I'm not sure what I can do here other than finding the length of the dotted line using pythagoa's theoroem. Am I missing out any rules on circles here?

Draw the whole vertical circle.
https://en.m.wikipedia.org/wiki/Intersecting_chords_theorem

 

[jisbon]

Is this correct? Pretty new to this:

 

[haruspex]

Is this correct? Pretty new to this:

View attachment 256025

I can't read the bit after "t x".
Identify the two intersecting chords.

 

[jisbon]

Are the two intersecting chords in red?

 

[haruspex]

View attachment 256026
Are the two intersecting chords in red?

Yes, but it bothers me that you have written 'r' for the upper portion of the vertical one. It is not the radius.

 

[jisbon]

Yes, but it bothers me that you have written 'r' for the upper portion of the vertical one. It is not the radius.

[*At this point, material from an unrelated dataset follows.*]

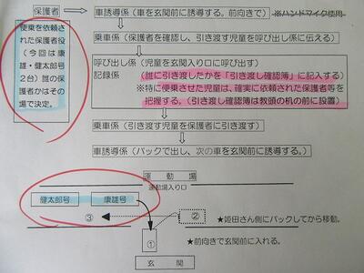 保護者による引き渡し時には、玄関前に自動車を頭から乗り入れてください。
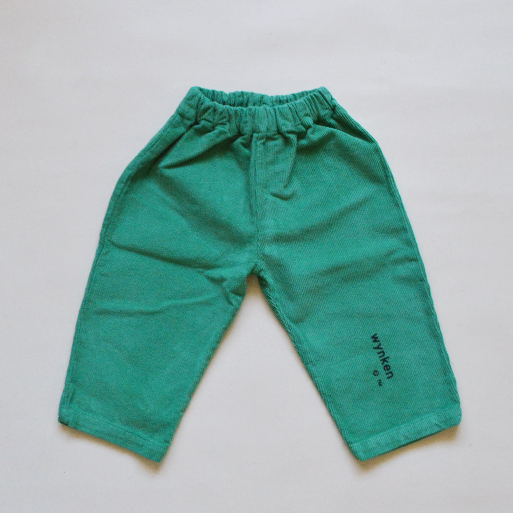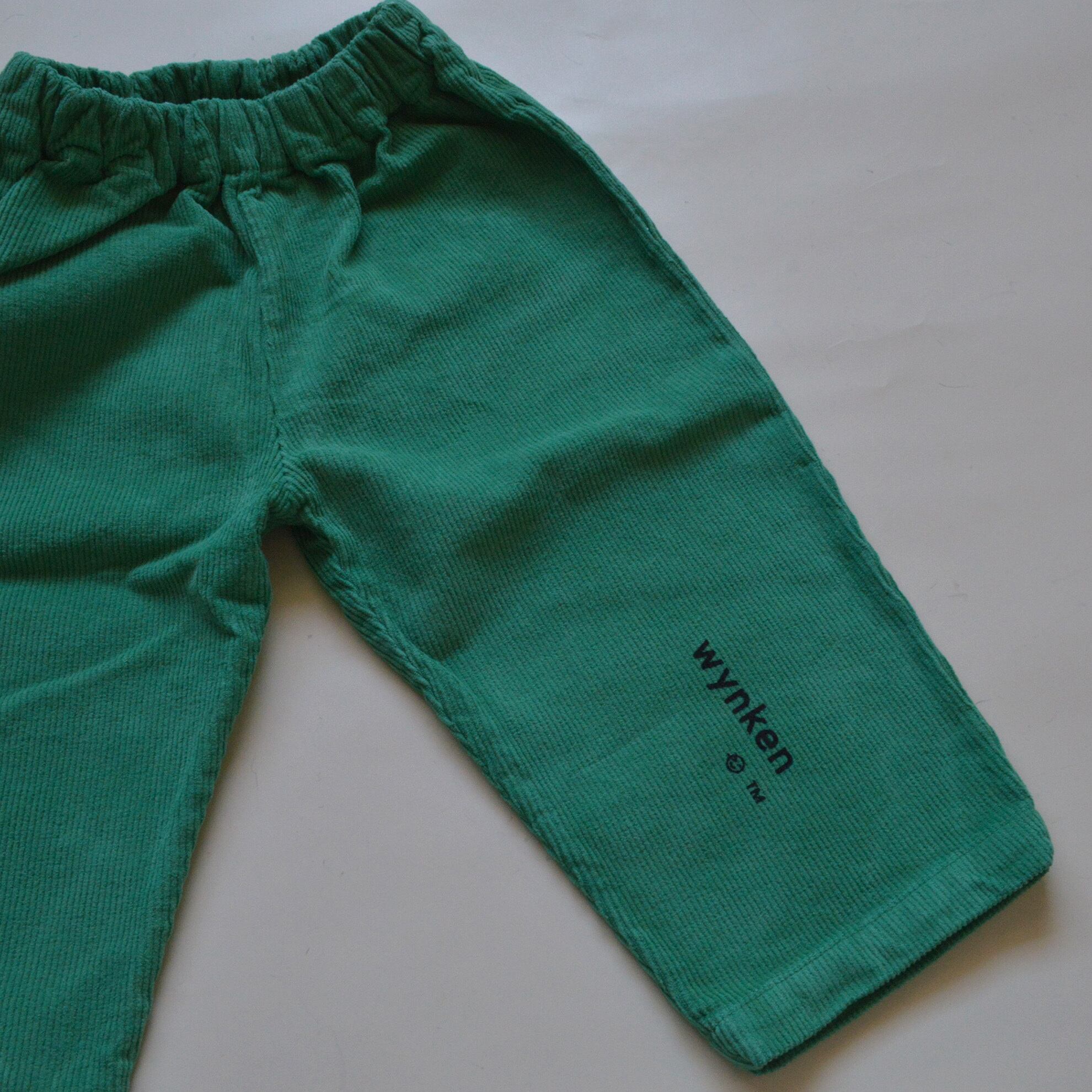 柔らかいゴムウエストに、サイドポケットあり。裾あたりにはWYNKENロゴのニコちゃんプリント。

Yes, it will be very obvious that r is not the radius curvature. In this case after finding r as shown in the picture, how can I find the radius of the curvature?

 

[haruspex]

Yes, it will be very obvious that r is not the radius curvature. In this case after finding r as shown in the picture, how can I find the radius of the curvature?

The vertical chord is central.

 

[jisbon]

If the vertical chord is in the centre (as shown in orange lines), won't it be weird considering the equations I wrote above?

 

[haruspex]

View attachment 256061
If the vertical chord is in the centre (as shown in orange lines), won't it be weird considering the equations I wrote above?

The vertical is in the centre but the horizontal is not. (Delete the horizontal orange line, but keep the point you have marked as the centre and the distance you are now calling r.)
How far is the centre of the circle from the point of intersection of the red lines, in terms of the variables you now have?

 

[jisbon]

The vertical is in the centre but the horizontal is not. (Delete the horizontal orange line, but keep the point you have marked as the centre and the distance you are now calling r.)
How far is the centre of the circle from the point of intersection of the red lines, in terms of the variables you now have?

r-t

 

[haruspex]

r-t

Right.
The vertical chord is in two parts: the part above the point of intersection and the part below. The part below has length t. What is the length of the part above?

 

[jisbon]

Right.
The vertical chord is in two parts: the part above the point of intersection and the part below. The part below has length t. What is the length of the part above?

r+(r-t) =2r-t

So (2r-t)*t = 1.5*1.5?

 

[haruspex]

r+(r-t) =2r-t

So (2r-t)*t = 1.5*1.5?

Yes.

 

[jisbon]

So I carried on, and found r to be abnormally big in this case..

I calculated t to be 0.0024cm.. Is there any mistakes? I took m=75, n=1, and wavelength to be 633nm

EDIT: 2.25 came from 1.5*1.5

 

[haruspex]

So I carried on, and found r to be abnormally big in this case..
View attachment 256316
I calculated t to be 0.0024cm.. Is there any mistakes? I took m=75, n=1, and wavelength to be 633nm

EDIT: 2.25 came from 1.5*1.5

What units for r?

By the way, just noticed your diagram of the interfering rays is wrong. One should be internally reflected in the lens, while the other is off the top surface of the glass plate.

 

[jisbon]

What units for r?

By the way, just noticed your diagram of the interfering rays is wrong. One should be internally reflected in the lens, while the other is off the top surface of the glass plate.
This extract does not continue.